I have finished my portrait of Catch and will post a pic of it completed, after Carol has received her painting. Plans are already underway for the next horse painting. I will get some WIP’s up just as soon as I begin.

Also, I have plans on discussing a couple of ways to frame oil pastel paintings, (since it has some special requirements) sometime in the next 10 days.

Warmer Weather
I just returned from a lovely walk. At 5pm it was still 45 degrees. Ah! This kind of weather fills a girls head with visions of Spring. The snow is melting and the birdies are singing. Chicory is dozing in the sun and the barn kitties are frolicking. (Umm. . .well, not quite frolicking exactly. More like, establishing a dominance hierarchy for the upcoming breeding season. But that just doesn’t have an idyllic ring to it.)

Anywho, totally gorgeous outside and the forecast is for warmer weather still. Wahoo!

Reality TV
Now I am not talking about those shows where they put a dozen hormonally pumped, morally challenged young people in a house, and wait to see what mayhem ensues. (If I was into that sorta thing, I would just watch the barn cats frolick.)

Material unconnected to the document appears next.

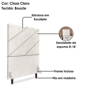 Definição de conforto a Cabeceira Solteiro Cristal foi desenvolvida para agregar mais modernidade e aconchego ao quarto! Com estrutura em Madeira de Eucalipto (reflorestada) e estofada em espuma (densidade D-18), conta com revestimento em tecido Bouclé (macio e texturizado) e detalhe Diagonal na costura. Incluso Frame (metal resistente com reforço lateral e acabamento em pintura epóxi) para fixação em camas Box e pés em madeira maciça (12 cm). Pode haver variação no design do frame dependendo do lote de peças. A função do acessório e usabilidade permanece a mesma. Este produto será entregue em 1 volume.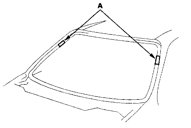 16. If new glass will be installed, set the glass (A) in the opening, and center it. Make alignment marks (B) across the glass and body with a grease pencil at the four points shown Be careful not to touch the glass where adhesive will be applied.

What I am talking about is, creative challenge type shows like Bravo’s Project Runway. (Love this show, every single season of it.) Unfortunately this season came to an end last week. The good news . . . Bravo is replacing it with Top Chef. (again, Love it!) Considering I am not much into cooking, I do seem to like the cooking shows. Top Chef, The Last Restaurant Standing, Iron Chef and as already discussed, anything with Gordon Ramsey. (particularly Kitchen Nightmares and The F Word)

Luxury and Features
Our new line of Budda Approved office furniture
I finally got myself a new drafting chair. Isn’t it lovely. (insert angelic chorus here) The one I had, was one that came with my drafting table. And being as aged as it was, it had seen better days. It was covered in miscellaneous stains and oil pastel smears. As well as the seat and backrest where snagged and chewed on, by not one but two teething kittens. Also, the occasional bolt kinda stuck through the wafer thin padding, and poked me bum. (I’ve been watching a little too much Brit TV of late.) But the clincher was when a wheel popped off. (Yeah, that pretty much makes it junk.)

So we went shopping for a new chair. Now while this isn’t say . . the Cadillac of drafting chairs (I passed on the leather). It is still a fine example of comfort and luxury. And in keeping with the car metaphor, my last chair was more like an 80’s pinto. Tough, small, occasionally difficult, and not pretty to look at. It did the job, but it didn’t make you want to pet it when you walked by.

The highly coveted Budda Approved sealBut my new chair, makes me sigh with blissful contentment. I mean really, just look at the fully adjustable thick padded seat and huge supportive backrest. Admire, its opulent size and sturdy construction. Caress, the lovely scotch-guarded fabric with that new chair smell. Oh, and did I mention it comes with features (Oh. . . features) and a 3 year warranty. Not some cheapo warranty either. Complete coverage, short of me hitching up Chicory and using it for buggy rides.

Now if it just had a cup holder, heated shiatsu massage and a motor, I would never leave it.